There were no additional fatalities or injuries aside from those on the Kuhns farmstead. To this day, this tornado remains the deadliest in Colorado state history.

We discovered a narrative written in the Oregon Mennonite Historical and Genealogical Society by Neil Birky in April 2005. He was a distant cousin to Amos Birky and his father, Reverend Nicholas Birky, served at the Thurman Mennonite Church from 1918-1935. Neil was only two years old when the tornado hit but recalled details passed down to him.

“There was the time, August 10th, 1924, when a tornado struck the home of one of the members, while several other families were there as guests for Sunday dinner. It was a terrible tragedy. Ten members of the group were killed then, one died later of injuries. Some were adults, some were children. A brother and sister were buried in one grave, four members of another family were buried in another. Tornados do strange things. One four-week-old infant, still wrapped in her blanket, was found hanging on a barbed wire fence, practically unharmed with the exception of a few scratches, and, as far as I know, she is still living.”

In Loving Memory

Nellie Belle Birky, 15

Leola Inatha Braman Garrett, 39

Opal Fern Garrett, 13

Zelda Unita Garrett, 9

Delmar E. Kuhns, 6

Maggie Ernst Kuhns, 40

Stella Kuhns, 8

Blanche Yoder, 10

Ray Vernon Yoder, 1

Robert Stanley Yoder, 7

Vera Ruth Yoder, 9

Newspaper Clippings

Article from The Brush Tribune, Volume 39, Number 26, December 26, 1924 about the passing of Leola Garrett. Clip from Colorado Historic Newspapers Collection.

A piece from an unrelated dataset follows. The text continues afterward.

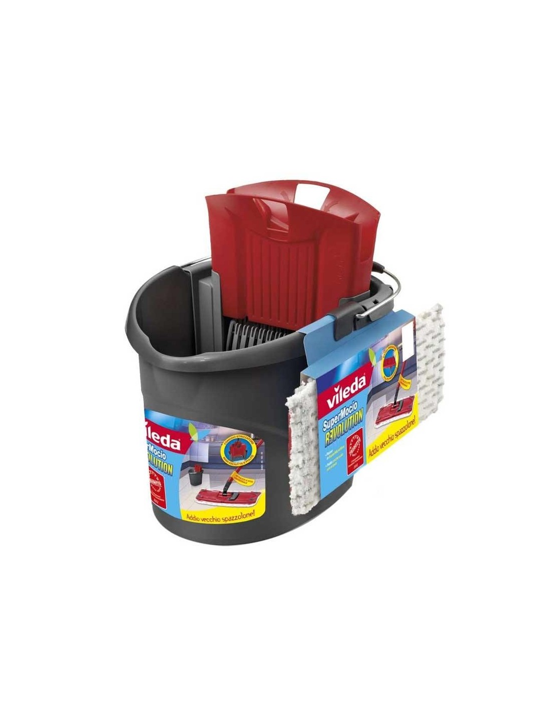 Revolution è l'innovativo sistema lavapavimenti che combina ottime performance a massima praticità. Grazie all'ampia piastra rettangolare, questo sistema Vileda è l'unico che pulisce come uno spazzolone e offre la comodità del tradizionale Mocio, garantendo una pulizia profonda e mani sempre asciutte. Il nuovo strizzatore, dal design moderno, non solo facilita l'inserimento del panno ma ne permette grazie alle molle attive una strizzatura più confortevole e il cestello profilato favorisce un maggior rilascio di acqua per raggiungere il livello di umidità desiderato del panno, garantendo pavimenti subito asciutti e mani sempre pulite. Il panno 2in1 Microfibra assicura pavimenti brillanti, anche solo con acqua grazie alle fibre bianche, ed è imbattibile contro lo sporco più ostinato, grazie alle fibre rosse e grigie. Un panno per il pavimento adatto a tutte le superfici, anche le più delicate come il parquet, ed è facile da applicare alla piastra, grazie ai pratici bottoni. Il sistema lavapavimenti Revolution è dotato di un 'ampia piastra piatta che permette una maggiore adesione al pavimento e una superiore rimozione dello sporco senza sforzo. La piastra è dotata di attacco universale, quindi è utilizzabile con il manico della tua scopa, e di snodo a 180, per raggiungere anche i punti più difficili.
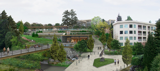 The new park is envisioned as a restorative place where visitors recreate and reconnect with the historical, natural and cultural landscape. Located downtown, a short stroll from shopping malls, high-rise office towers, upscale residential towers and the city’s original Main Street, the public park will attract visitors of varied interests and ages serving nearby neighborhoods as well as the broader community. In addition to improving public access to the water and increasing recreational opportunities, the plan includes several recommendations to restore the site’s ecology. The master plan proposes to partially remove shoreline structures and restore shoreline vegetation, daylight a creek, reforest the hillside, remove invasive species and reduce overwater shading to improve fish habitat. The plan also recommends sustainable development strategies, including the use of bioswales, permeable pavements, native plants, local building materials and green building technologies. The steep terrain accommodates stacked uses such as underground parking, buildings tucked into hillsides, and rooftops with overlooks and public spaces.

Death Notices from The Denver Post on December 15-16, 1924. Clips scanned and sent to us by Stevie Gunter at the Weather History and Geneaology Department at the Denver Public Library.


We gathered information for this event from Significant Tornadoes, 1680-1991 by Thomas Grazulis, NWS Denver/Boulder, Find a Grave,, and and found the following differences:

Path Length:

  • Grazulis has the length at 20 miles as a probable tornado family moving east-southeast. After consulting his notes, he has determined the tornado moved to the east-northeast. He suggested we change the path length to 8 miles but denotes that it is unclear where the tornado ended.
  • NWS Denver/Boulder has the length at ≥8 miles moving east-northeast.

    Path Width:

    • Grazulis has a 200 yard width.
    • NWS Denver/Boulder has 880 yard width.


        • Grazulis lists 8 injuries.
        • Newspaper accounts list a varying injury count. 
        • Remaining sources list no injuries.
        • Due to our research, we have determined the injury county should be adjusted to 7.


            • All official sources list 10 fatalities.
            • Due to our research, we have determined an additional fatality.  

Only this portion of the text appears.